How to complete this task: The lines from the one containing "Лампа светодиодная свеча" through the end of the entries are what to output; reproduce them exactly and add nothing.

Records from a data collection
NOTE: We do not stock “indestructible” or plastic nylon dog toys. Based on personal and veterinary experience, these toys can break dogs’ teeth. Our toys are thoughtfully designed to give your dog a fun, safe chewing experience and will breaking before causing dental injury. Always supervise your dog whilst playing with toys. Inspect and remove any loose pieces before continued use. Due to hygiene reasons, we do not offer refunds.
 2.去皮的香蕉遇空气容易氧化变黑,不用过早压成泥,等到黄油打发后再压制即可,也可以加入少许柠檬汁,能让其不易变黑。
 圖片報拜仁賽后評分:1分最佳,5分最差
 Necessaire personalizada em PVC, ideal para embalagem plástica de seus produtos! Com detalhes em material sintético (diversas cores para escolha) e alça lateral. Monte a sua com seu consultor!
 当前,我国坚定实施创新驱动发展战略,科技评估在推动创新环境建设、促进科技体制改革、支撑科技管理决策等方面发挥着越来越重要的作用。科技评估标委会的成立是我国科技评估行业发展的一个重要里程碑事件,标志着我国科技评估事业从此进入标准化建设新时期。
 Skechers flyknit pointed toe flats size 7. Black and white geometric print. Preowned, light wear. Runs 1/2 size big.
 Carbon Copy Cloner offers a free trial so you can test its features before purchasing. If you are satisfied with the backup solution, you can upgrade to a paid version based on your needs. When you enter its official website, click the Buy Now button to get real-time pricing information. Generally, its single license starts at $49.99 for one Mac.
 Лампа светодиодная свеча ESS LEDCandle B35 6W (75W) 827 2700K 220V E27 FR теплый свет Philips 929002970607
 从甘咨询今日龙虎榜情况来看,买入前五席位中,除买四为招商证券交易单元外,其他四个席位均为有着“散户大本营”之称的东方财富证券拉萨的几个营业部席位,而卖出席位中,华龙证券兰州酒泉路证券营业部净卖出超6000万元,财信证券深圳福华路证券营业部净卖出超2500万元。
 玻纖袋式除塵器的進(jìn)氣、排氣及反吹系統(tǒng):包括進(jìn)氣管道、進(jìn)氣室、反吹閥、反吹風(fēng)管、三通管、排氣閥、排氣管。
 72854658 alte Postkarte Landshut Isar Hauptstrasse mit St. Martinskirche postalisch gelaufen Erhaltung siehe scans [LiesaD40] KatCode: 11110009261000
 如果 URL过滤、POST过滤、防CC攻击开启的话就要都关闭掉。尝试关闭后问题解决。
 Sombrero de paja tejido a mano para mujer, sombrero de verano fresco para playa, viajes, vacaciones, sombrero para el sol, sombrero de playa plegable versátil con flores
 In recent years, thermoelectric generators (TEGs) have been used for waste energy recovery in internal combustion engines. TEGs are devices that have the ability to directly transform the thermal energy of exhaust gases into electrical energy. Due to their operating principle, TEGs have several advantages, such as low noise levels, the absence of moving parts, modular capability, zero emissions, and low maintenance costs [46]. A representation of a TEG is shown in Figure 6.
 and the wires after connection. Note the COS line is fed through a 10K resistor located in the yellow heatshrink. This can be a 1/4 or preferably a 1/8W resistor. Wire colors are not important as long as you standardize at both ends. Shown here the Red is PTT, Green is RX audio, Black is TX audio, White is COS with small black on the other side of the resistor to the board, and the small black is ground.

Solution to this exercise:
 Лампа светодиодная свеча ESS LEDCandle B35 6W (75W) 827 2700K 220V E27 FR теплый свет Philips 929002970607
 从甘咨询今日龙虎榜情况来看,买入前五席位中,除买四为招商证券交易单元外,其他四个席位均为有着“散户大本营”之称的东方财富证券拉萨的几个营业部席位,而卖出席位中,华龙证券兰州酒泉路证券营业部净卖出超6000万元,财信证券深圳福华路证券营业部净卖出超2500万元。
 玻纖袋式除塵器的進(jìn)氣、排氣及反吹系統(tǒng):包括進(jìn)氣管道、進(jìn)氣室、反吹閥、反吹風(fēng)管、三通管、排氣閥、排氣管。
 72854658 alte Postkarte Landshut Isar Hauptstrasse mit St. Martinskirche postalisch gelaufen Erhaltung siehe scans [LiesaD40] KatCode: 11110009261000
 如果 URL过滤、POST过滤、防CC攻击开启的话就要都关闭掉。尝试关闭后问题解决。
 Sombrero de paja tejido a mano para mujer, sombrero de verano fresco para playa, viajes, vacaciones, sombrero para el sol, sombrero de playa plegable versátil con flores
 In recent years, thermoelectric generators (TEGs) have been used for waste energy recovery in internal combustion engines. TEGs are devices that have the ability to directly transform the thermal energy of exhaust gases into electrical energy. Due to their operating principle, TEGs have several advantages, such as low noise levels, the absence of moving parts, modular capability, zero emissions, and low maintenance costs [46]. A representation of a TEG is shown in Figure 6.
 and the wires after connection. Note the COS line is fed through a 10K resistor located in the yellow heatshrink. This can be a 1/4 or preferably a 1/8W resistor. Wire colors are not important as long as you standardize at both ends. Shown here the Red is PTT, Green is RX audio, Black is TX audio, White is COS with small black on the other side of the resistor to the board, and the small black is ground.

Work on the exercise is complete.